A Amazônia foi moldada por antigos sistemas agroflorestais

O mito da Amazônia intocada imperou por muitos anos no imaginário popular, uma mata virgem que abriga uma grande biodiversidade sem nunca ter sofrido interferência humana, uma visão ainda frequente principalmente por pessoas que não vivem na região. Entretanto, nos últimos anos essa visão tem mudado graças às descobertas científicas que mostram que os povos pré-colombianos moldaram a floresta amazônica e, grande parte do que conhecemos hoje é resultado das práticas de manejo florestal e da agricultura praticada por esses povos. 
Figura 1: Campos agrícolas indígenas em meio à floresta amazônica (Fonte: Wikimedia Commons)

Em 2018, o artigo “The legacy of 4,500 years of polyculture agroforestry in the eastern Amazon” (O legado de 4.500 anos de policultivos agroflorestais¹ na Amazônia Oriental), publicado na revista científica Nature Plants, traz evidências de complexos sistemas de cultivo com uso de espécies florestais frutíferas e culturas agrícolas por povos pré-colombianos. 

A pesquisa foi liderada pela Dra. Yoshi Maezumi, da Universidade de Exeter (Inglaterra), em parceria com arqueólogos, paleoecologistas, botânicos e ecologistas do Instituto Nacional de Pesquisas da Amazônia, da Universidade do Estado do Mato Grosso e da Universidade Federal do Pará. Empregando técnicas de arqueologia e paleoecologia, os pesquisadores investigaram vestígios de carvão, pólen e restos de plantas no solo próximos a sítios arqueológicos em que ocorre a terra preta de índio (Figura 2) e em locais sem ocorrência desse tipo de solo.

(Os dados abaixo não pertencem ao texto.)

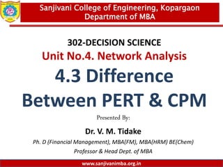 This document discusses the differences between PERT and CPM network analysis techniques. It notes that PERT is probabilistic while CPM is deterministic, PERT handles non-repetitive activities while CPM repetitive activities, PERT is task/event oriented while CPM is activity oriented, and PERT focuses on time calculations while CPM considers time and cost tradeoffs. Examples provided of uses include R&D projects using PERT and construction projects using CPM. The document aims to help students understand the differences between PERT and CPM network analysis methods.

Figura 2: Fotografia de um perfil do solo
da terra preta de índio, com explicação de sua formação.


Os dados obtidos das análises arqueológicas²  e paleoecológicas³  foram comparados com inventários florestais atuais da Amazônia oriental, possibilitando verificar a relação entre as práticas agrícolas antigas e a composição florística atual da região. 

Os resultados demonstram que, através do enriquecimento de florestas com plantas agrícolas e frutíferas, a segurança alimentar era garantida para grandes grupos de pessoas, com o cultivo de milho, abóbora, batata-doce e mandioca. Com o passar dos anos ocorria um enriquecimento progressivo com espécies florestais comestíveis, como a castanheira, o cupuaçu e palmeiras, que se tornaram mais abundantes em solos de terra preta de índio (Figura 3). 

Figura 3: Representação gráfica dos achados dos inventários florestais em locais com terra preta de índio e nas demais localidades, onde não ocorre esse solo.

A pesquisa mostra ainda o uso do fogo associado ao desmatamento de determinados locais para o cultivo do milho, cujo pólen encontrado na região mostra que o cultivo desse cereal teve início por volta de 4.300 anos. 

Os resultados do estudo conectam o uso milenar do solo por povos pré-colombianos à composição atual da flora amazônica, indicando que as ações antrópicas, através da agricultura, deixaram um legado duradouro na região.

Os autores ressaltam ainda que, diferentemente dos dias atuais, onde grandes áreas são desmatadas e convertidas para pastagens ou monoculturas, a agricultura ancestral era desenvolvida de forma a incorporar a floresta nos sistemas de cultivo, com pequenas áreas desmatadas e uso controlado do fogo, com retenção de árvores de interesse alimentício e consórcio com as culturas agrícolas em complexos sistemas agroflorestais.


Alguns termos utilizados no texto:
¹Sistemas agroflorestais são sistemas de cultivo que combinam o
plantio de culturas agrícolas com árvores, no mesmo terreno, de modo a
maximizar e diversificar a produção do campo de cultivo.
²Arqueologia é a ciência que estuda as culturas e os modos de vida das
diferentes sociedades humanas do passado, a partir da análise de vestígios
materiais.
³Paleoecologia é a ciência que estuda fósseis para compreender a relação entre antigos seres vivos e o ambiente natural onde habitavam.